> _LISTED RECORDS_:

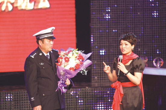 2月22日,“感动台州”十大人物获得者王义生在接受特约主持人采访。当晚,由市委宣传部等单位主办的第四届“感动台州”颁奖晚会在椒江举行,黄岩公安分局民警王义生高票当选“感动台州”十大人物。
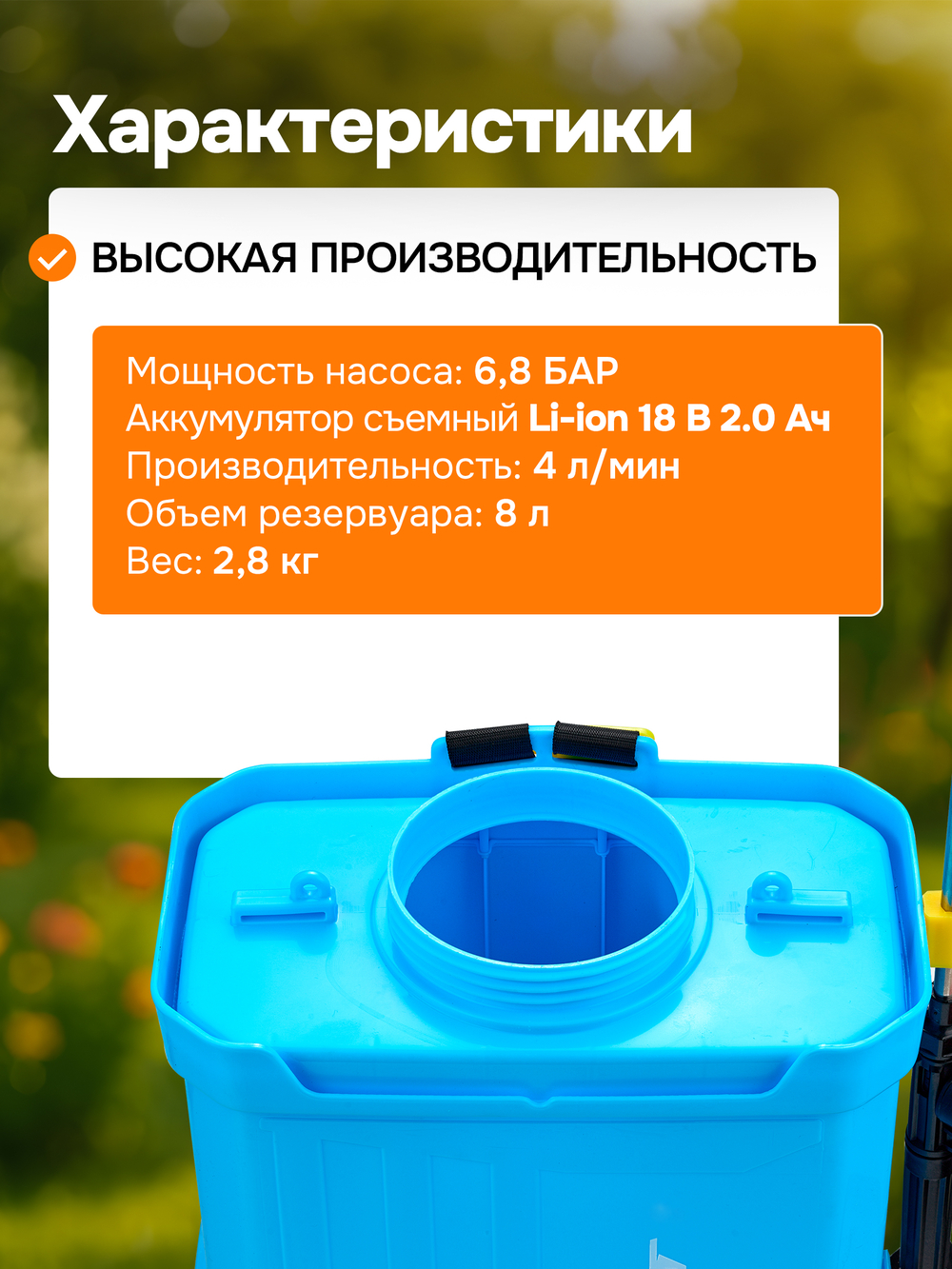 DF-B8li – это компактный и удобный аккумуляторный опрыскиватель с высоким рабочим давлением до 6.8 бар и производительностью 4 л/мин, идеально подходящий для обработки растений, опрыскивания удобрениями и защиты садовых культур.
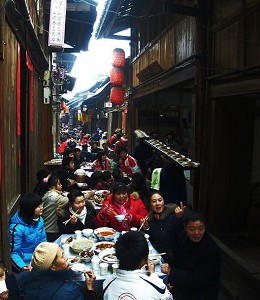 中午,传统的祭祀祈福活动结束后,在长达20分钟的鞭炮声中,年饭正式开席。260张摆满菜肴的桌子和上千游客,将1,132米长的老街挤得满满当当。
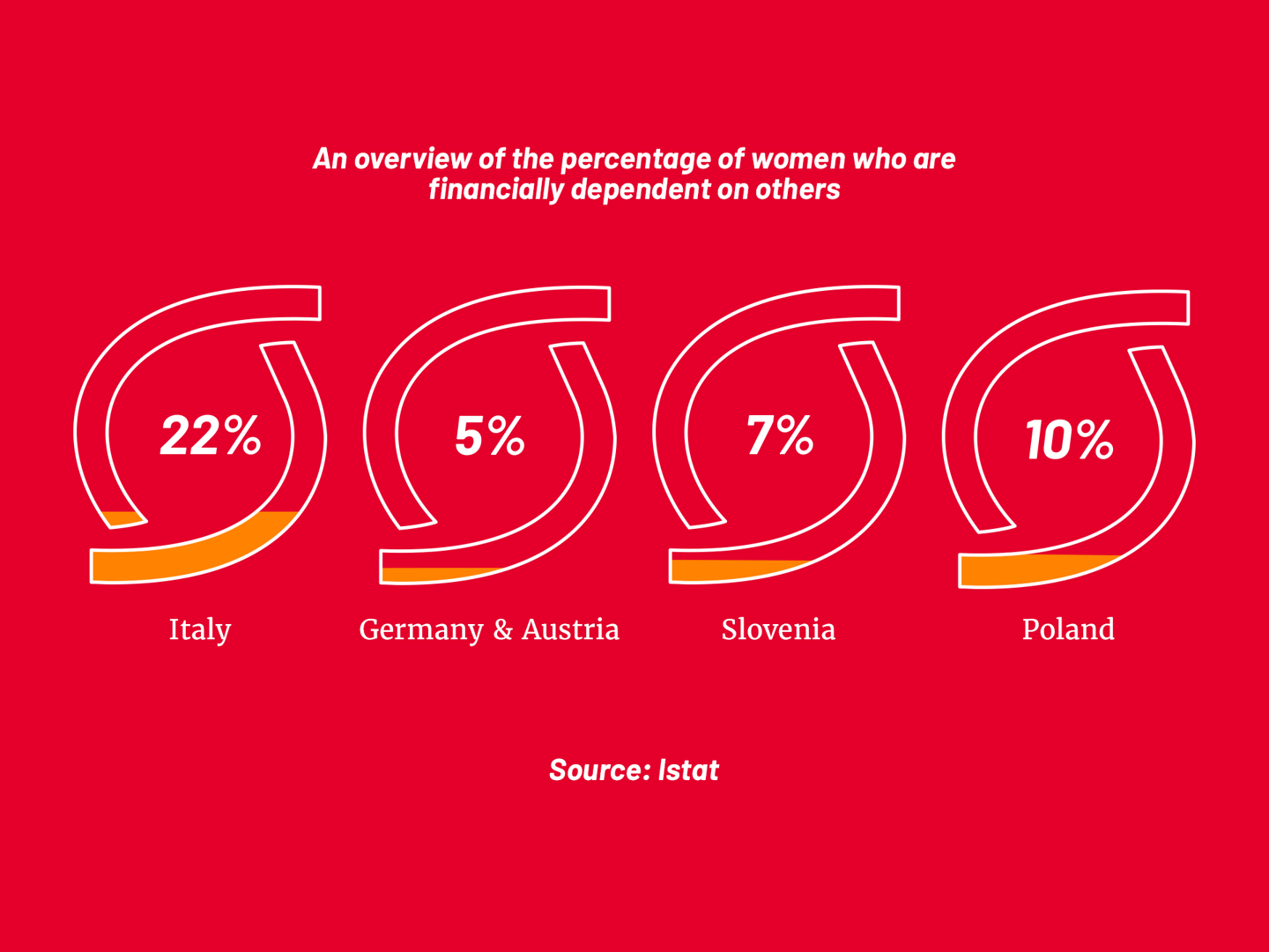 More than one in five women. Almost one in four. An isolated figure, the Italy one: in Germany and Austria, women in a state of financial dependence represent only 5% of the total, in Slovenia 7 percent, in Poland 10 percent.
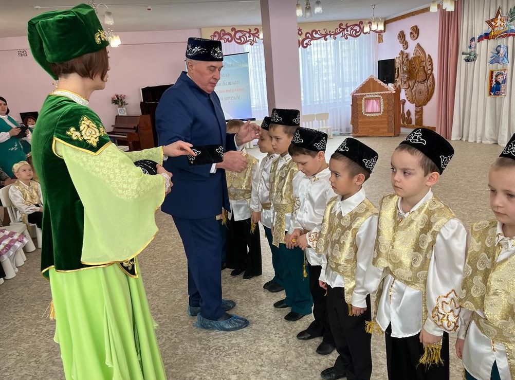 Ә инде шушындый истәлекле көнне, бәйрәмебезгә тагы да ямь өстәп, күренекле шәхесләрнең килүе икеләтә шатлык тудырды. Бакчабызның якын дусты, шәһәребезнең мактаулы гражданины, «Горэлектротранспорт» предприятиесенең генераль директоры Рафаил Исмәгыйль улы Хәбибуллин, ярдәмчесе Чулпан Рафис кызы Шәрәпова белән бергә бәйрәмчә киенеп, сабыйларыбызны бәйрәм белән тәбрикләп, асыл ташлар белән чигелгән түбәтәйләр, бакчабызга милли бизәкләр сурәтләнгән самавыр бүләк итүе – үтә дә матур күренеш. Балалар гына түгел, үзебез дә нык сөендек. Кылган яхшылыкларыгыз үзегезгә дә меңе белән кайтсын, Рафаил Исмәгыйлович.
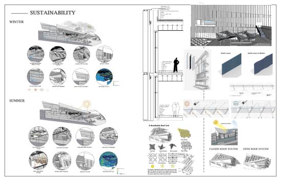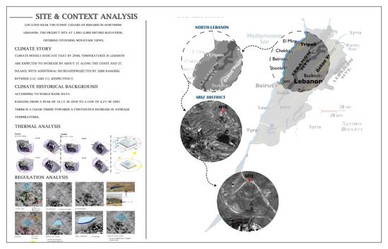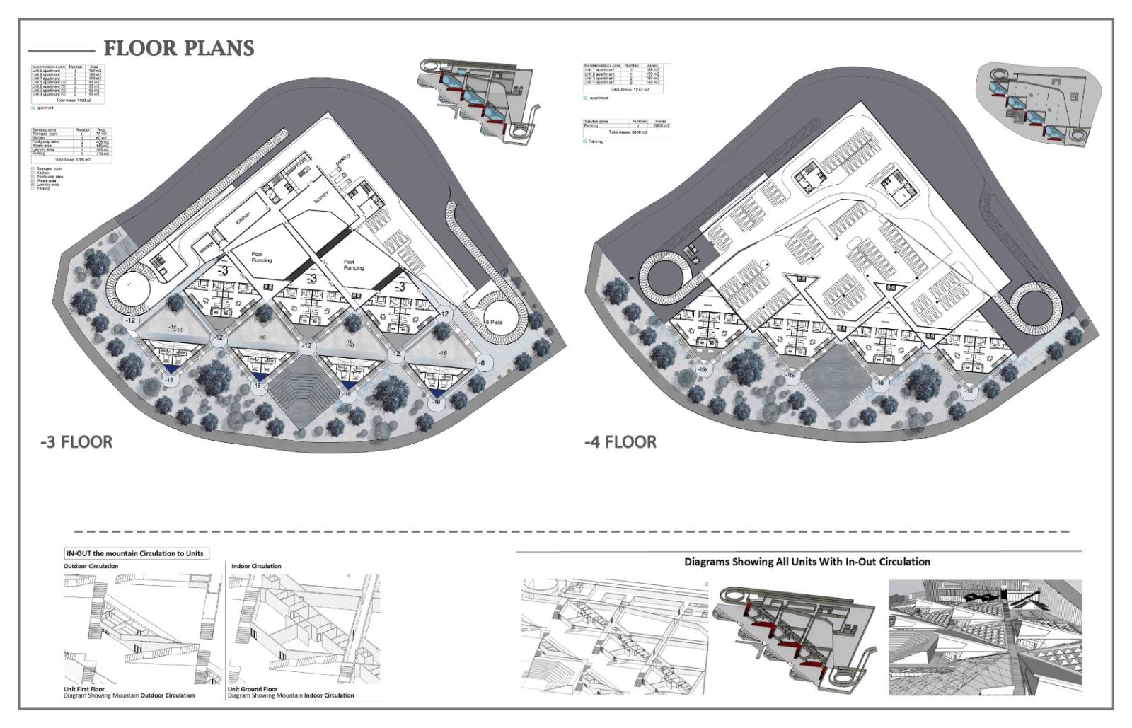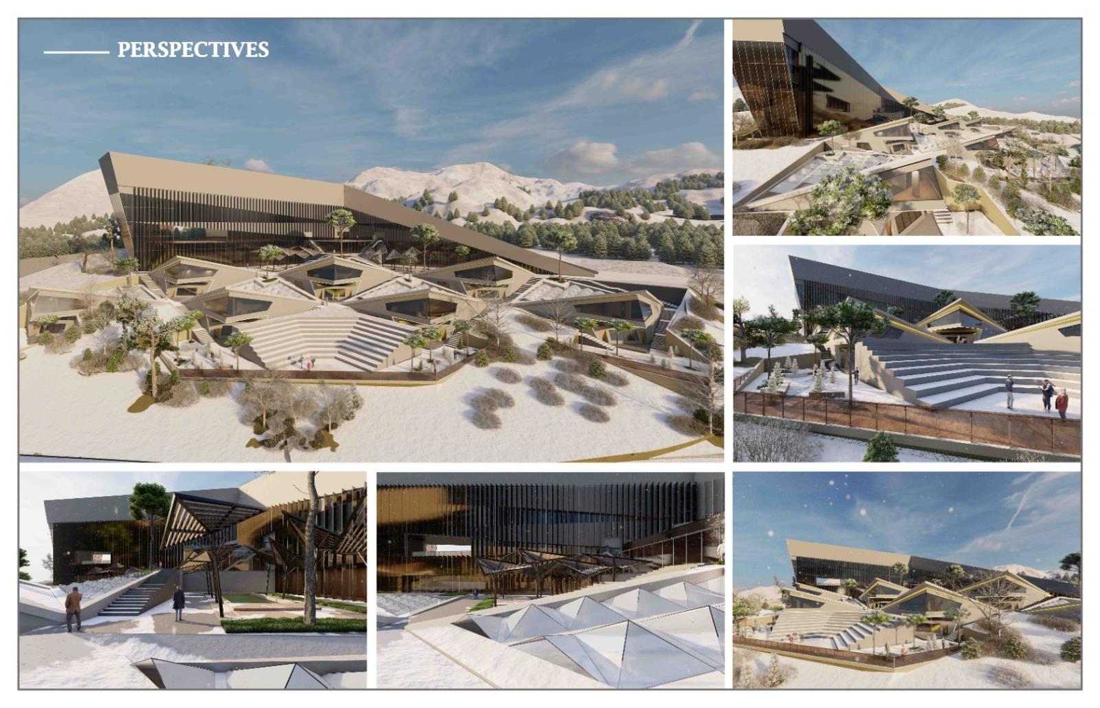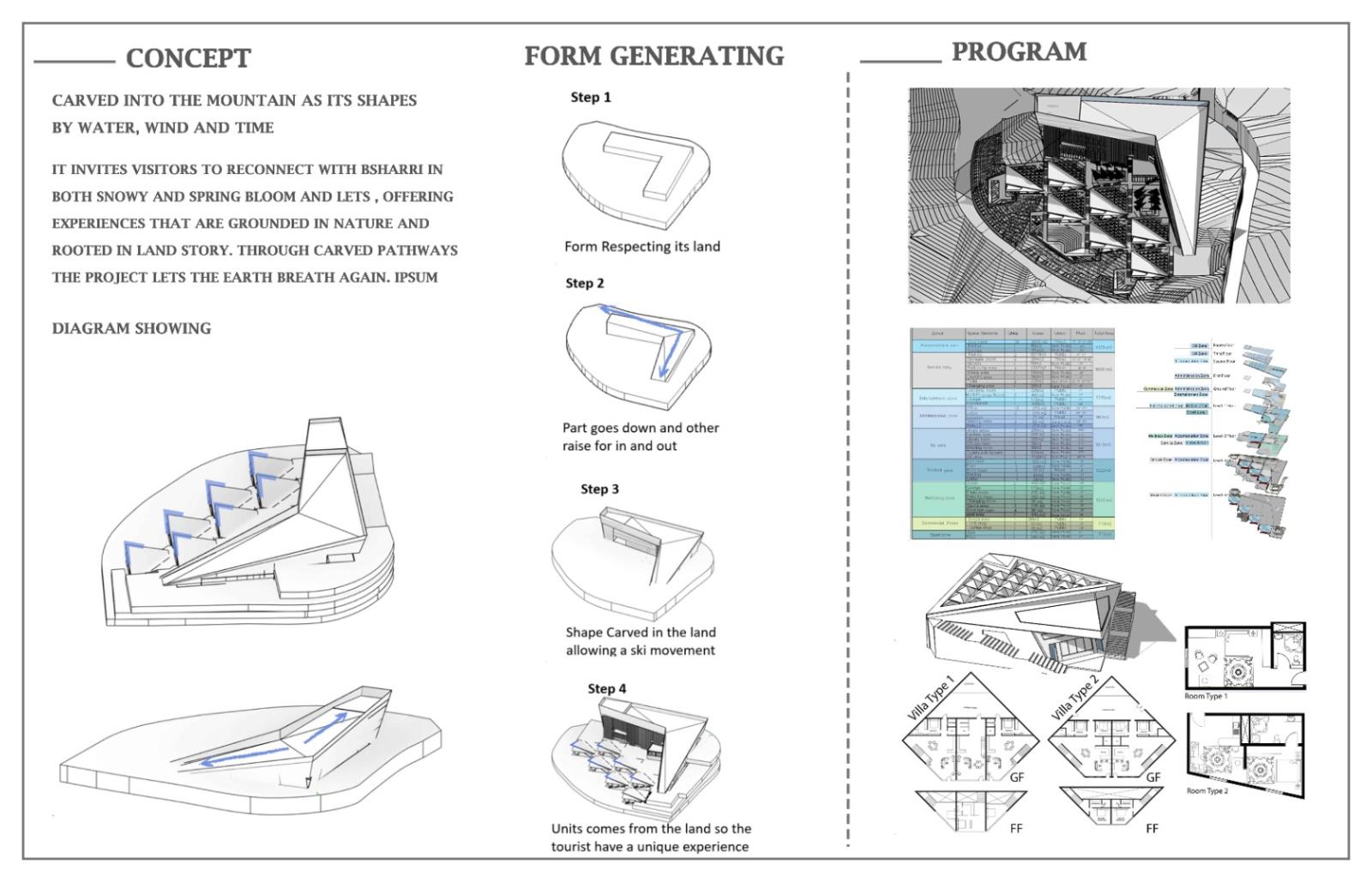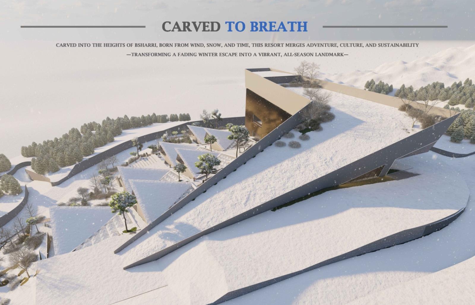 Set at 2000 meters in the Cedars of Bsharri, this project reimagines the future of mountain tourism in Lebanon by transforming a traditional ski resort into a sustainable, year-round destination. In response to climate instability and declining winter visitors, the design embraces the theme of breathing architecture through digging into the mountain. The resort is carved into the natural terrain to minimize its visual and environmental impact, while enhancing thermal performance and energy efficiency.
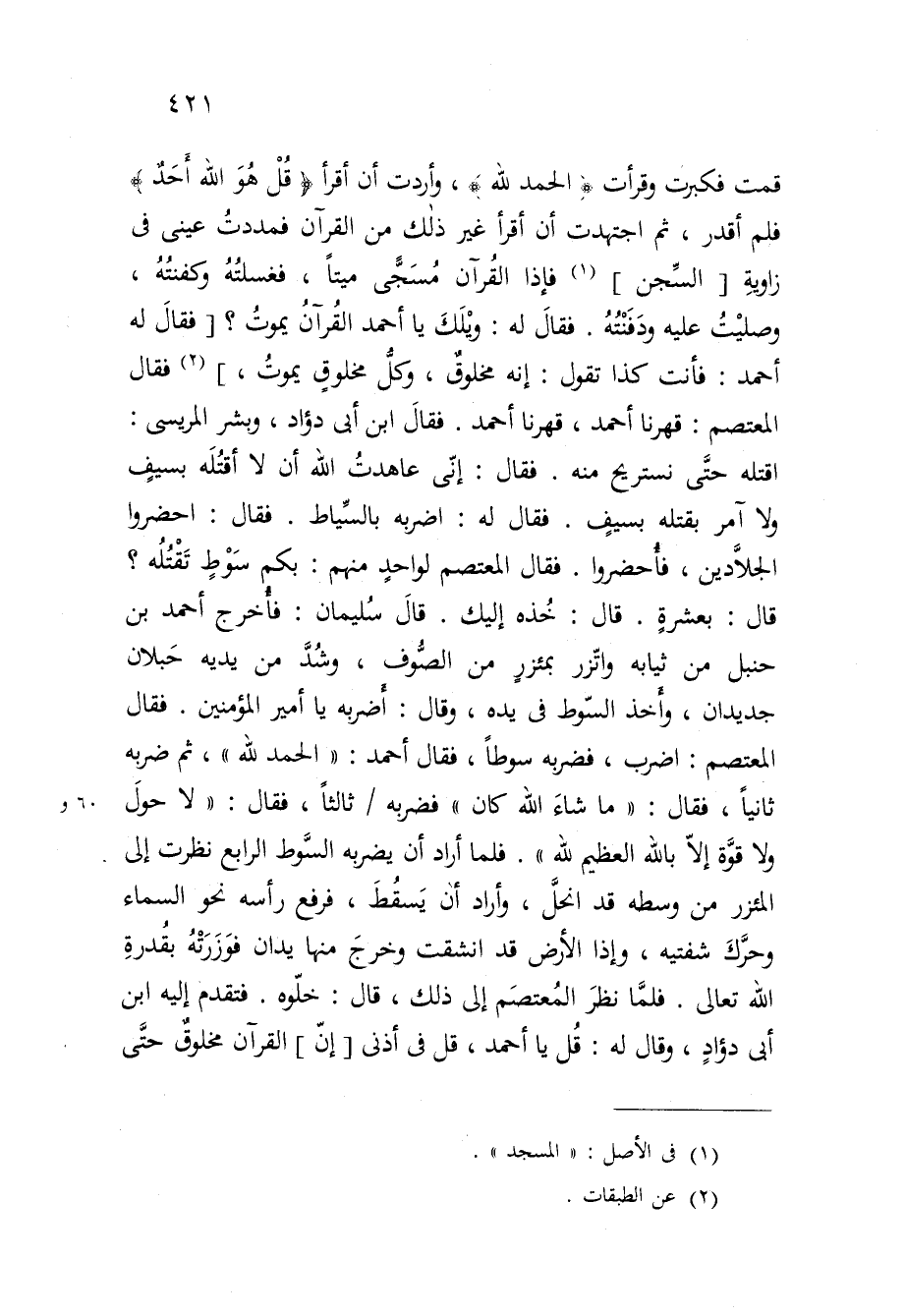 فَقَالَ لَهُ وَيلك يَا أَحْمد الْقرَان يَمُوت فَقَالَ لَهُ أَحْمد فَأَنت كَذَا تَقول إِنَّه مَخْلُوق وكل مَخْلُوق يَمُوت فَقَالَ المعتصم قهرنا أَحْمد قهرنا أَحْمد

> _WHAT YOU HAVE TO DO_: Nothing but the lines from the one containing "DF-B8li – это" to the last line of the records should be returned, exactly as they appear and without pictures.

> _TASK RESPONSE_:
 DF-B8li – это компактный и удобный аккумуляторный опрыскиватель с высоким рабочим давлением до 6.8 бар и производительностью 4 л/мин, идеально подходящий для обработки растений, опрыскивания удобрениями и защиты садовых культур.
 中午,传统的祭祀祈福活动结束后,在长达20分钟的鞭炮声中,年饭正式开席。260张摆满菜肴的桌子和上千游客,将1,132米长的老街挤得满满当当。
 More than one in five women. Almost one in four. An isolated figure, the Italy one: in Germany and Austria, women in a state of financial dependence represent only 5% of the total, in Slovenia 7 percent, in Poland 10 percent.
 Ә инде шушындый истәлекле көнне, бәйрәмебезгә тагы да ямь өстәп, күренекле шәхесләрнең килүе икеләтә шатлык тудырды. Бакчабызның якын дусты, шәһәребезнең мактаулы гражданины, «Горэлектротранспорт» предприятиесенең генераль директоры Рафаил Исмәгыйль улы Хәбибуллин, ярдәмчесе Чулпан Рафис кызы Шәрәпова белән бергә бәйрәмчә киенеп, сабыйларыбызны бәйрәм белән тәбрикләп, асыл ташлар белән чигелгән түбәтәйләр, бакчабызга милли бизәкләр сурәтләнгән самавыр бүләк итүе – үтә дә матур күренеш. Балалар гына түгел, үзебез дә нык сөендек. Кылган яхшылыкларыгыз үзегезгә дә меңе белән кайтсын, Рафаил Исмәгыйлович.
 Set at 2000 meters in the Cedars of Bsharri, this project reimagines the future of mountain tourism in Lebanon by transforming a traditional ski resort into a sustainable, year-round destination. In response to climate instability and declining winter visitors, the design embraces the theme of breathing architecture through digging into the mountain. The resort is carved into the natural terrain to minimize its visual and environmental impact, while enhancing thermal performance and energy efficiency.
 فَقَالَ لَهُ وَيلك يَا أَحْمد الْقرَان يَمُوت فَقَالَ لَهُ أَحْمد فَأَنت كَذَا تَقول إِنَّه مَخْلُوق وكل مَخْلُوق يَمُوت فَقَالَ المعتصم قهرنا أَحْمد قهرنا أَحْمد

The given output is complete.